Vous pourriez aussi attendre que des normes internationales soient mises en place, mais vous devrez être patient. Avant que l’ensemble des pays s’entendent sur des points aussi importants que ceux qui sont couverts par l’ISR, vous perdrez de nombreuses années de rendement puisque votre portefeuille ne sera pas investi.
Il faut donc prendre le temps de faire ses propres recherches avant d’investir dans une entreprise ou un produit d’investissement qui se prétend respectueux des principes de l’ISR. Comment? En se renseignant sur les activités de l’entreprise ou, pour un produit d’investissement comme un fonds commun de placement, en consultant son prospectus ou encore, la liste des entreprises dans lesquelles le fonds investit présentement.
Si vous constatez qu’une entreprise ne respectant pas les critères de votre politique de placement s’y retrouve, n’y investissez tout simplement pas.
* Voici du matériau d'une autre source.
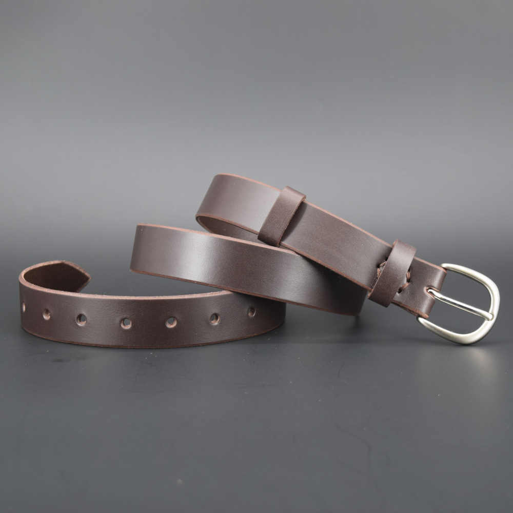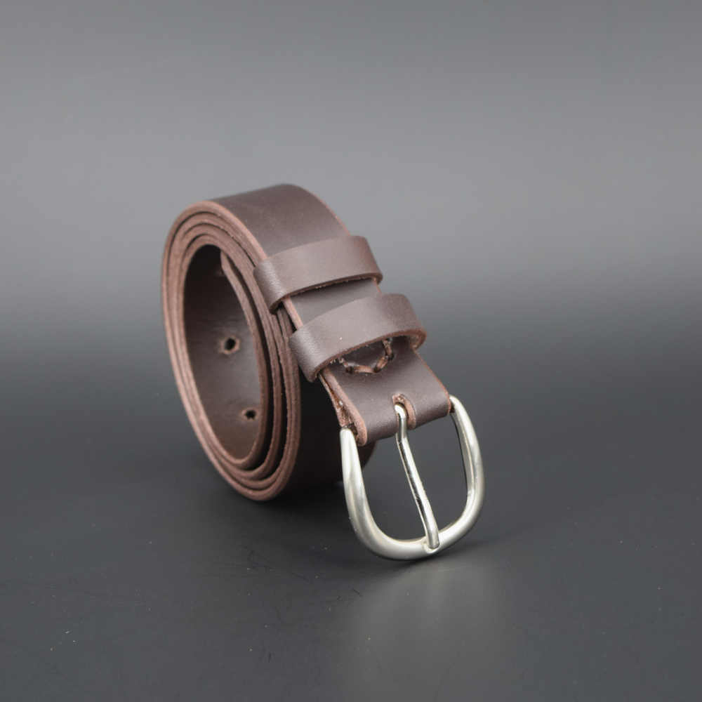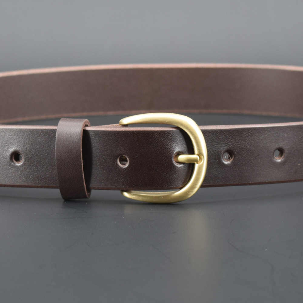 Cette ceinture a une boucle en laiton de 3 cm de largeur, qui conviendra parfaitement à une tenue habillée ou décontractée. Son cuir est souple ; il a été teinté dans la masse ce qui lui permet de garder sa couleur marron chocolat tout au long de sa vie.

Évidemment, cela peut s’avérer fastidieux comme travail, mais cela en vaut la peine si au bout du compte, vous vous retrouvez avec un portefeuille de placement qui respecte vos valeurs.
Finalement, vous devriez aussi réfléchir aux opportunités d’investissements qui demanderont un certain recul avant de prendre votre décision. À titre d’exemple, qu’en est-il d’une entreprise qui se vante de respecter les critères ISR, mais dont la majorité de ses clients ne le font pas? En effet, devriez-vous investir dans la compagnie A si sa seule cliente, la compagnie B, est une pétrolière alors que vous ne souhaitez pas investir dans ce type d’entreprise?
Bonnes recherches et bonne rédaction de votre politique de placement!
Clément Hudon, Pl. Fin., FCSI, BAA, M. Sc.